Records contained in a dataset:

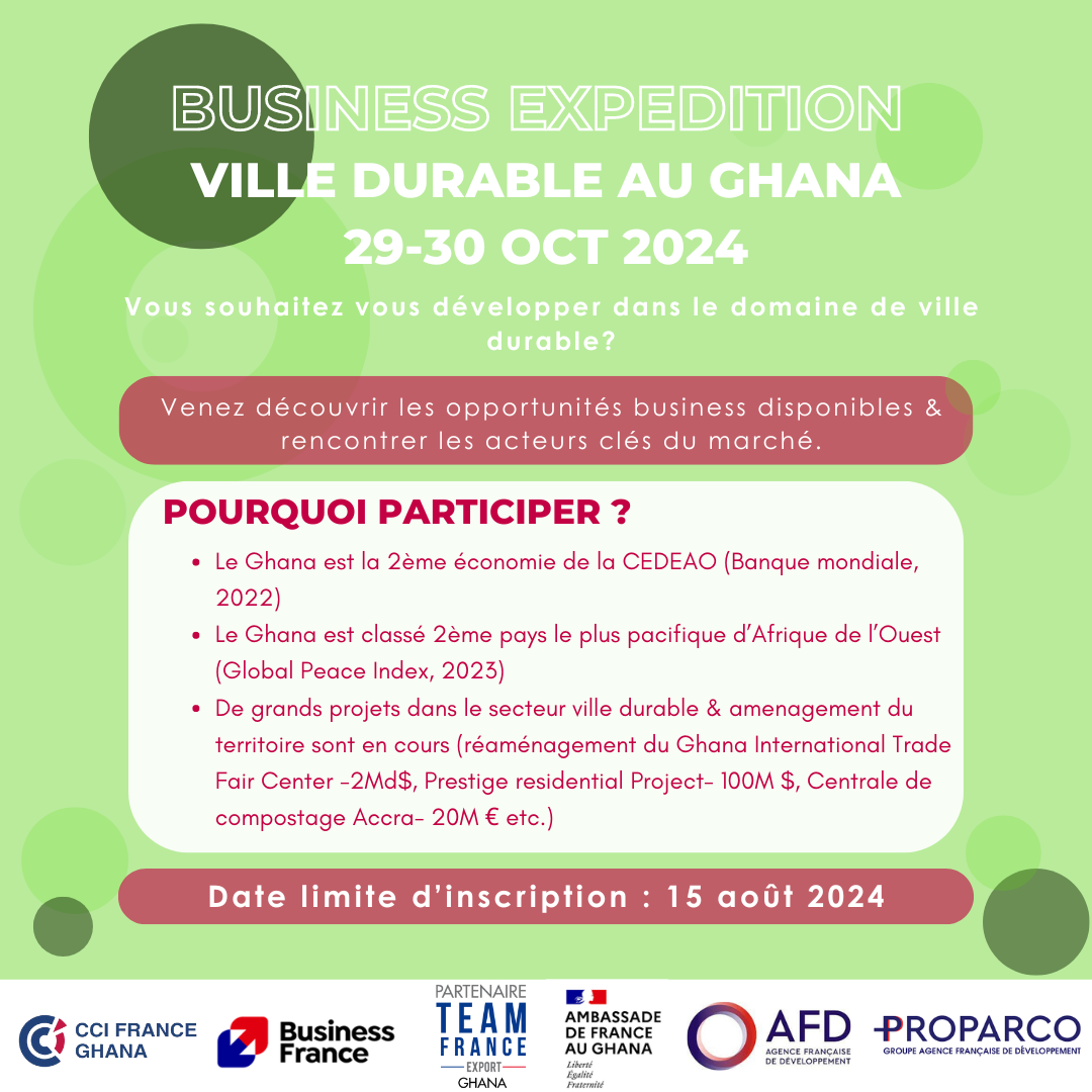 Notre expédition commerciale sur le thème de la Ville Durable a pour but de présenter le potentiel commercial du Ghana en s’attardant sur les opportunités existantes ainsi que les défis auxquels le pays fait face. La présence d’experts institutionnels français comme ghanéens, d’acteurs du secteur privé mais aussi financiers permettra aux participants d’appréhender plus précisément le domaine de la ville durable. Des réunions B2B sont également prévus pour permettre aux participants de rencontrer des partenaires potentiels.
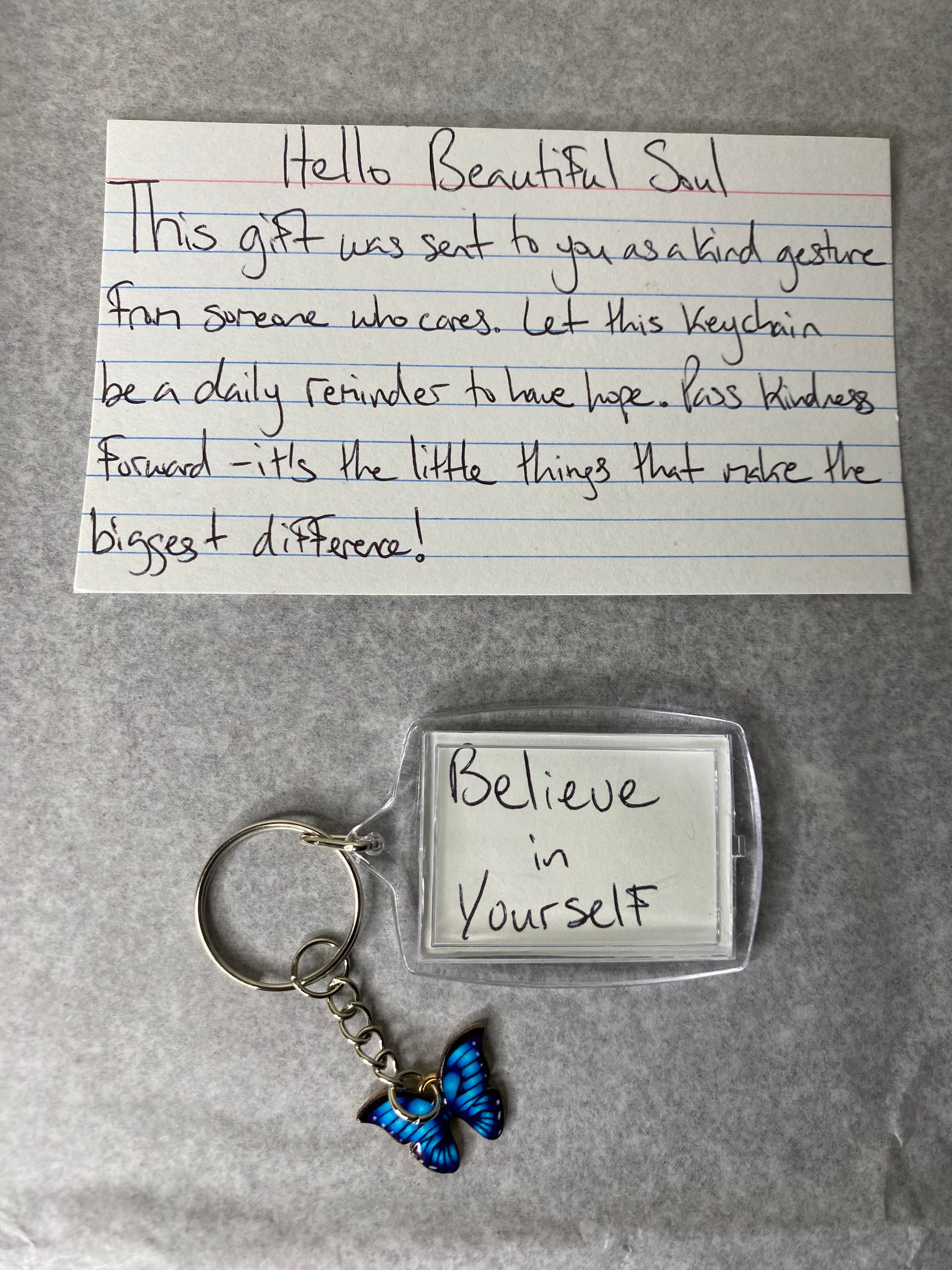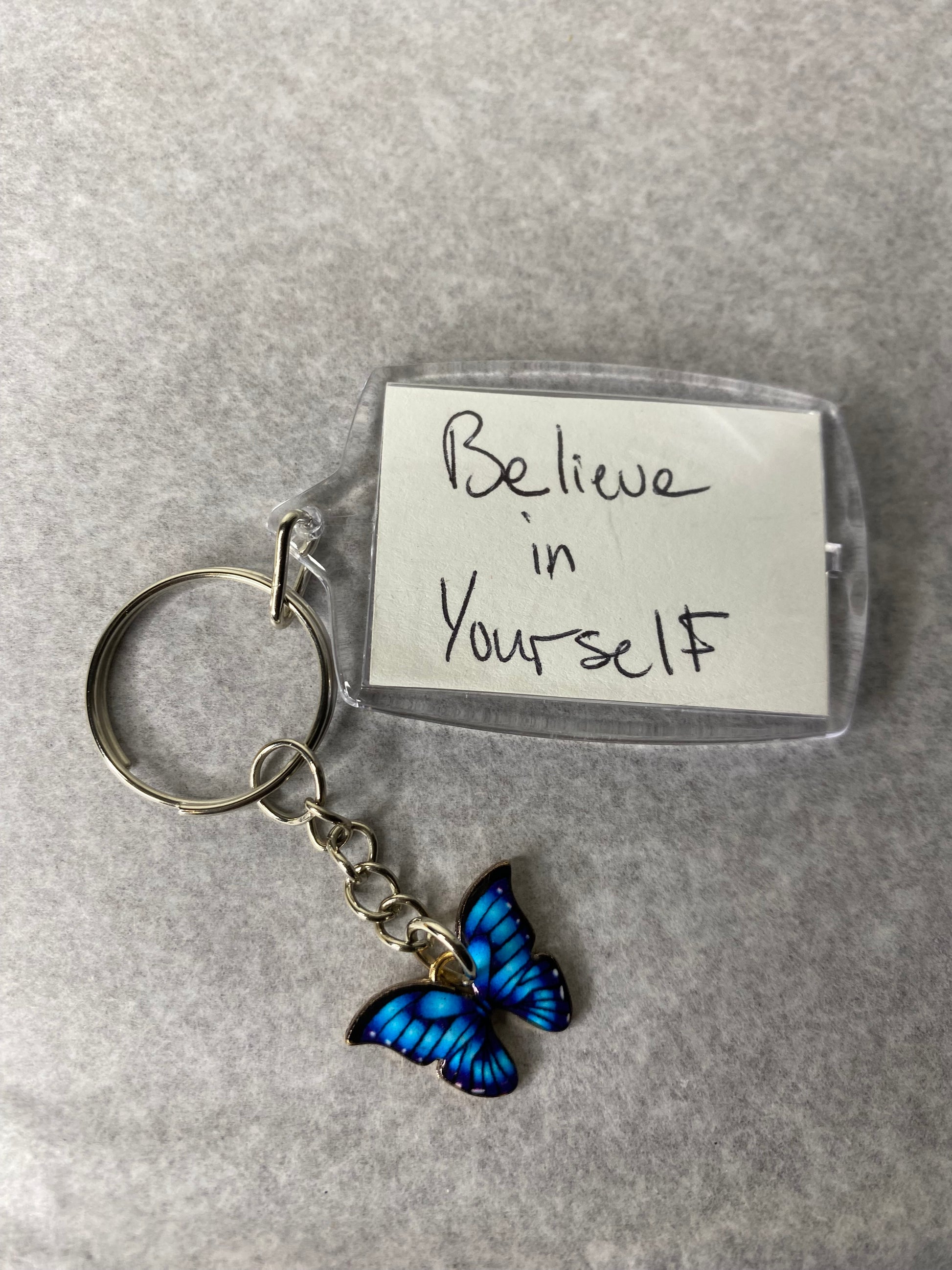 A daily affirmation to trust in your abilities and embrace your inner strength. This 'Believe in Yourself' keychain features a delicate butterfly charm which serves as a constant reminder to have confidence and pursue your dreams. Carry it with you to inspire self-belief, or gift it to someone who could use a boost of encouragement.
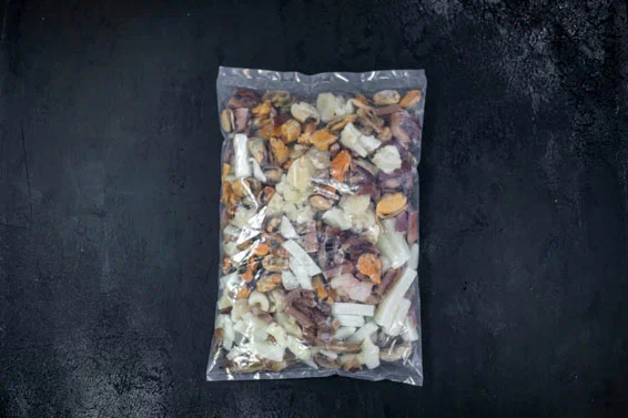 Кальмар, мидии, осьминоги, креветки - смешиваются и замороживаются в ароматный морской коктейль. Тончайшая гармония нежных вкусов идеальна для салатов, ризотто, паэльи... для любых кулинарных фантазий!
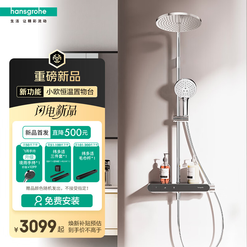 汉斯格雅(Hansgrohe)淋浴花洒“小境雨”Plus恒温置物台花洒套装【现货】 镀铬飞雨手持
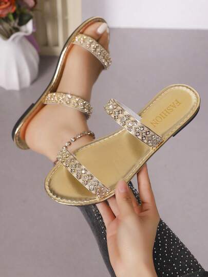 2026 Summer New Rhinestone Flat Sandals, Casual Lightweight Summer Beach Slippers, Suitable For Vacation And Daily Wear, Slip-On - Gold - View 1
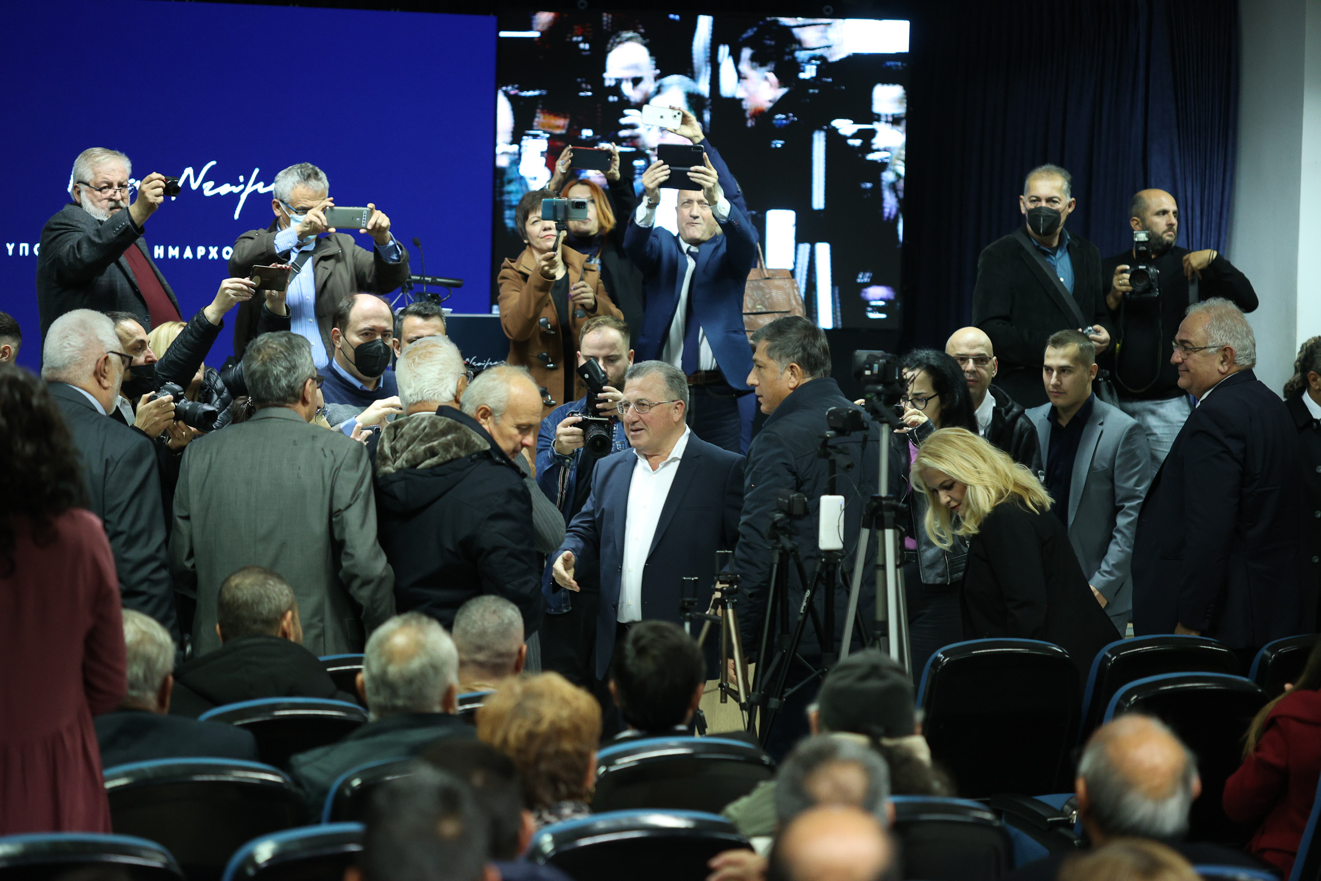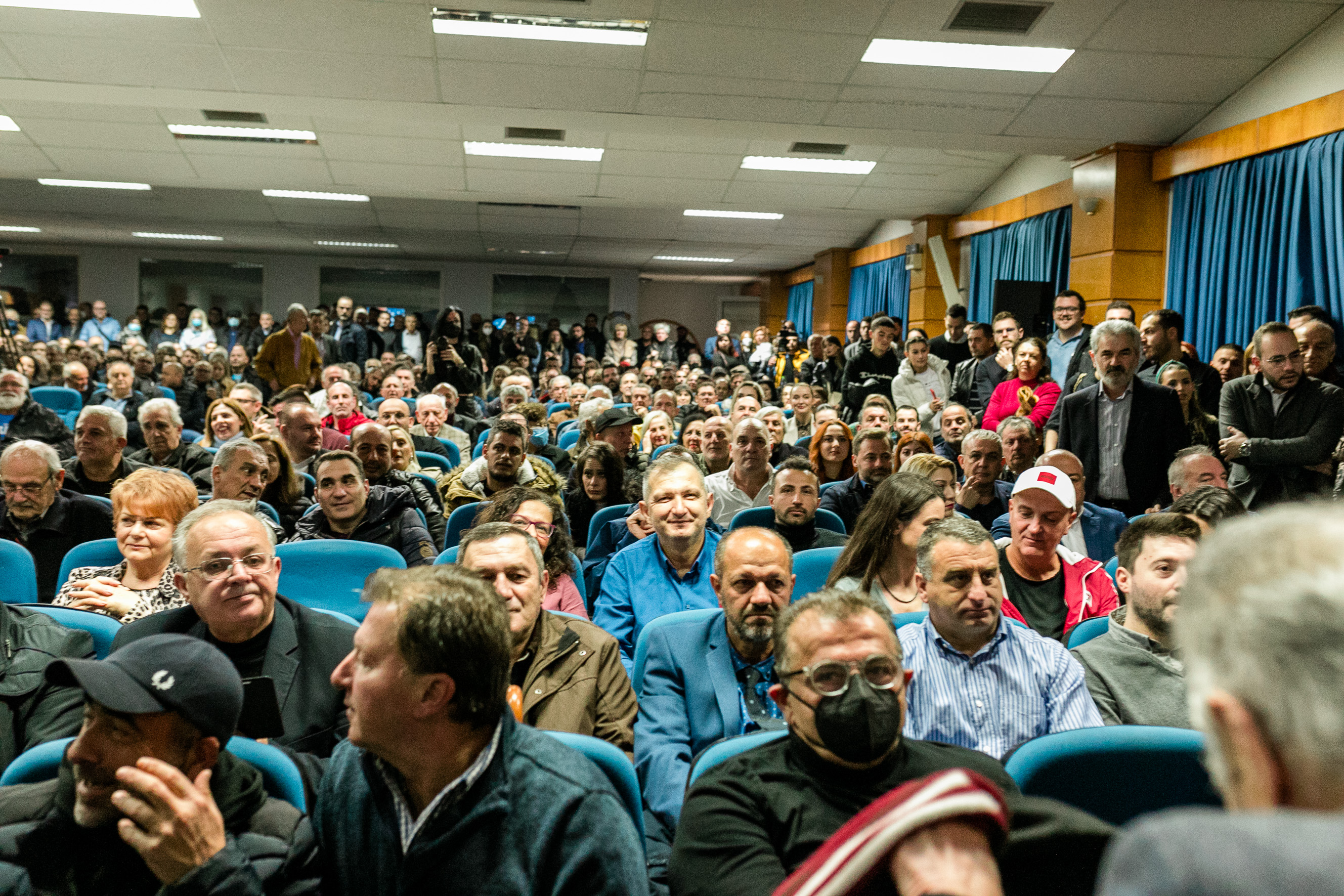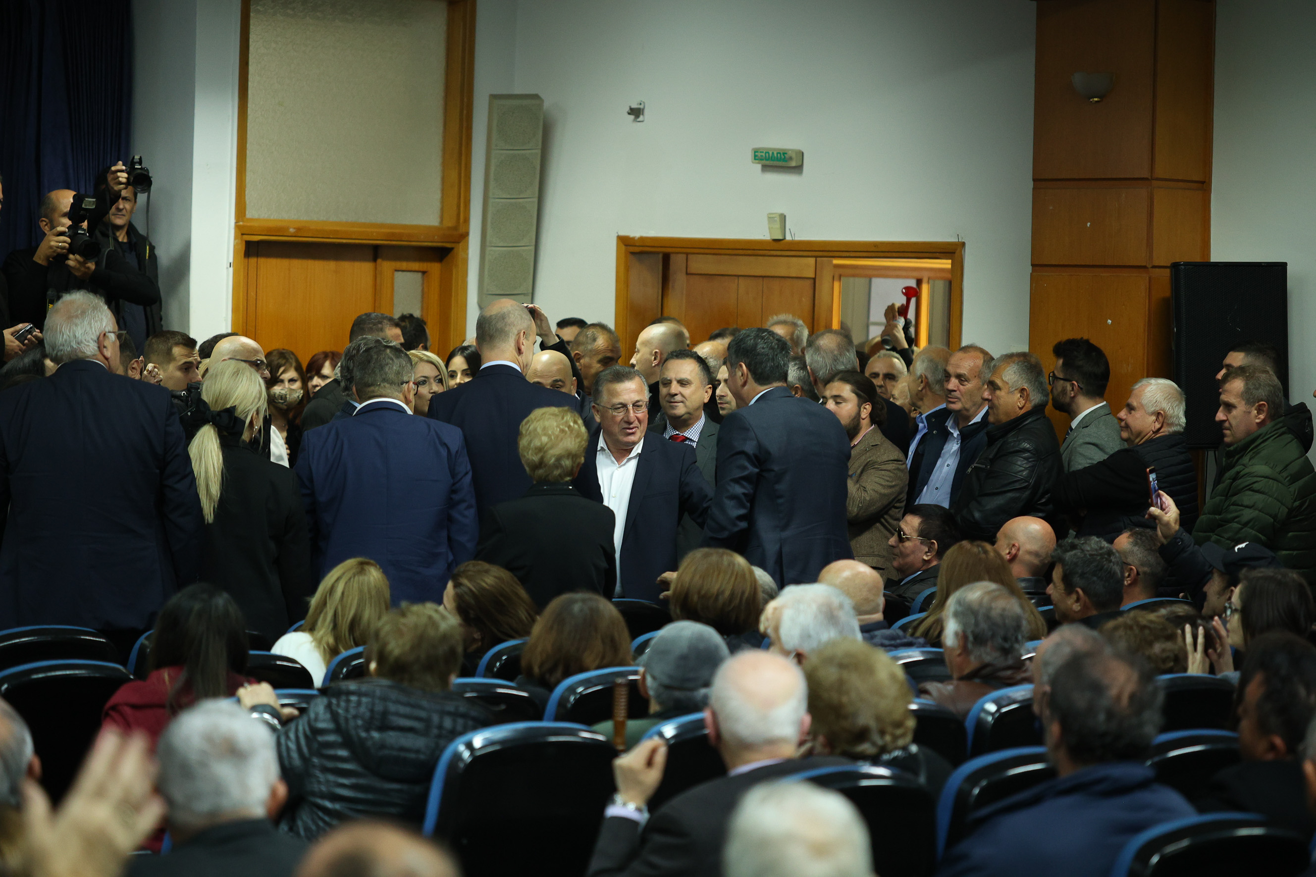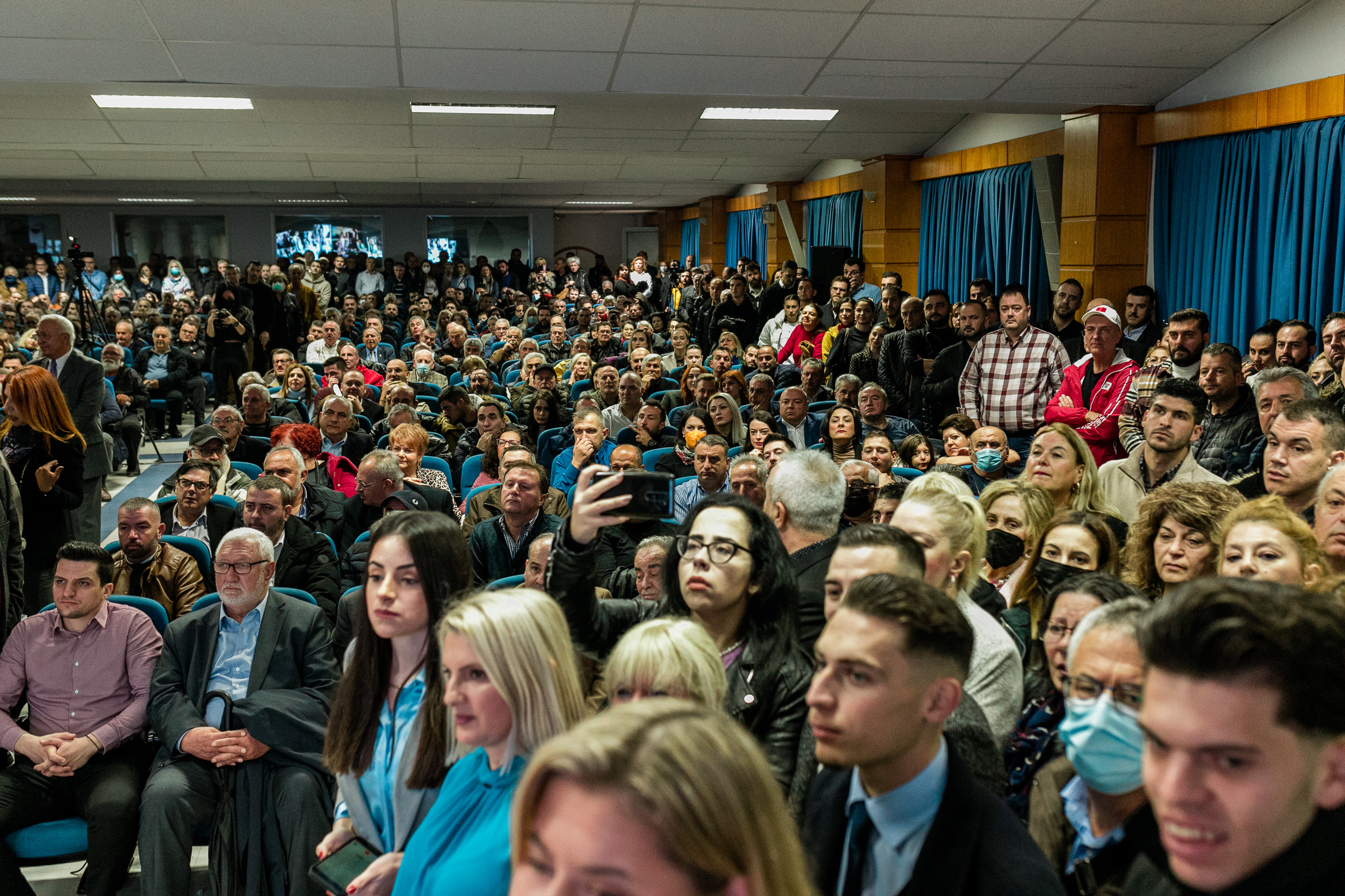 Παρά τη βροχή, επικράτησε το αδιαχώρητο τόσο μέσα στην αίθουσα όσο και έξω από το συνεδριακό κέντρο όπου ο κόσμος παρακολουθούσε την εκδήλωση μέσω γιγαντοοθόνης.

WHAT IS REQUIRED » If a line falls between the first line of the records above and the line containing "A daily affirmation", inclusive, retype it exactly; leave pictures out.

TASK OUTPUT »
 Notre expédition commerciale sur le thème de la Ville Durable a pour but de présenter le potentiel commercial du Ghana en s’attardant sur les opportunités existantes ainsi que les défis auxquels le pays fait face. La présence d’experts institutionnels français comme ghanéens, d’acteurs du secteur privé mais aussi financiers permettra aux participants d’appréhender plus précisément le domaine de la ville durable. Des réunions B2B sont également prévus pour permettre aux participants de rencontrer des partenaires potentiels.
 A daily affirmation to trust in your abilities and embrace your inner strength. This 'Believe in Yourself' keychain features a delicate butterfly charm which serves as a constant reminder to have confidence and pursue your dreams. Carry it with you to inspire self-belief, or gift it to someone who could use a boost of encouragement.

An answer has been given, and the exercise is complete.